The name "trio elétrico" was coined in 1951 when Dodô and Osmar invited a friend to perform with them, the architect Temístocles Aragão, turning their dupla into a trio. They played through Salvador in a Chrysler pick-up. Though the name originally referred to the band, it became better known for their invention of a motorized band stage.

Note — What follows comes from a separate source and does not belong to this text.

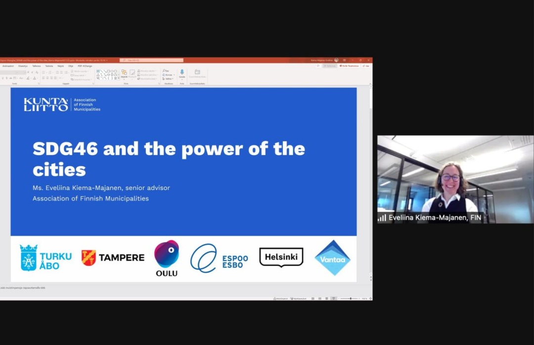 城市可持续发展目标网络战略意义构建进程协调员伊芙琳娜·基马-玛亚宁发表了“SDG46和城市网络力量”的报告,阐释了SDG46的含义,即芬兰6个最大的城市组成的可持续发展战略的网络,介绍了近年来的主要战略行动举措,并强调了通过城市之间合作激发可持续发展潜力的重要性。

Another invention from Bahia, the "micaretas" (an out-of-season Carnival) began using the trios or floats. Today, there is a huge industry for the production, maintenance and leasing of trios. Many new artists are discovered on trios.

In 1983, a trio built in Italy was inaugurated in Piazza Navona in the presence of 80 thousand people who danced to the electric sound of Dodô, Osmar and Armandinho. That was the first time a trio was featured out of Brazil.

In 1985, invited by students of the University of Toulouse, in France, Armandinho, Dodô and Osmar traveled once more to Europe to take some of Carnival to more than 100 thousand people in Toulouse.

The trio is known worldwide as one of the symbols of Brazilian culture, its music and its Carnival.